The faint epimeral ridges shown in the Western Atlantic species represent an especially interesting trait. Pfingstl and Schuster (2012) already stated that the ridges of S. littorea may be a precursory structure of the conspicuous ventral keels shown in the genus Carinozetes. Carinozetes is also known to be distributed in the Western Atlantic, especially in the Caribbean area (Pfingstl and Schuster 2014; Pfingstl et al. 2016), and thus there is a clear geographical link between these taxa.
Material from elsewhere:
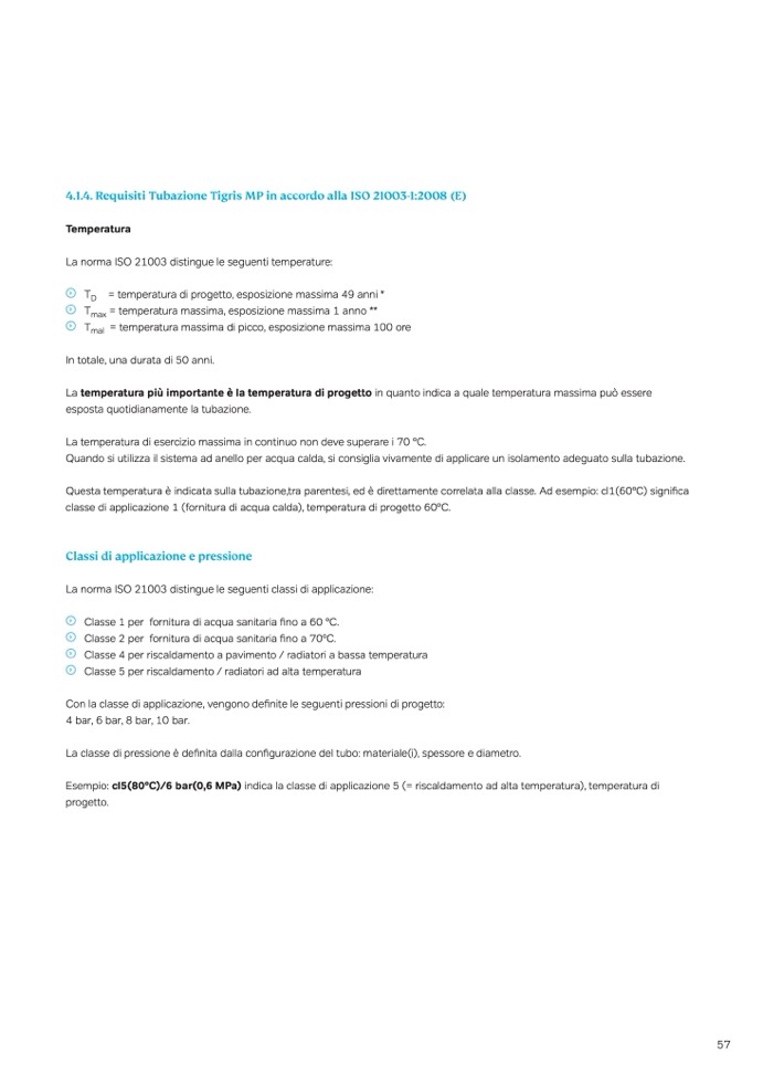 4.1.4. Requisiti Tubazione Tigris MP in accordo alla ISO 21003-1:2008 (E)

Consequently, it is assumable that a Schusteria clade with faint epimeral ridges evolved in the Western Atlantic and that an ancestor of this clade also gave birth to the keel bearing Carinozetes (Figure 5). However, relationships within Schusteria and beyond remain largely unclear until a thorough revision and molecular genetic study of the genus and its possible relatives is performed.

Acknowledgments

We want to thank Dr Serge Kreiter (Montpellier SupAgro, France) for giving us advice concerning our field trip to Martinique. Thanks also to Dr Clare Morall (St. George’s University, Grenada) and Justin Rennie (Ministry of Agriculture, Forestry and Fisheries, Grenada) for organisational help and support. This investigation was funded by the Austrian Science Fund (FWF) [P 28597].

Disclosure statement

No potential conflict of interest was reported by the authors.

Additional information

Funding

This work was supported by the Austrian Science Fund [P 28597].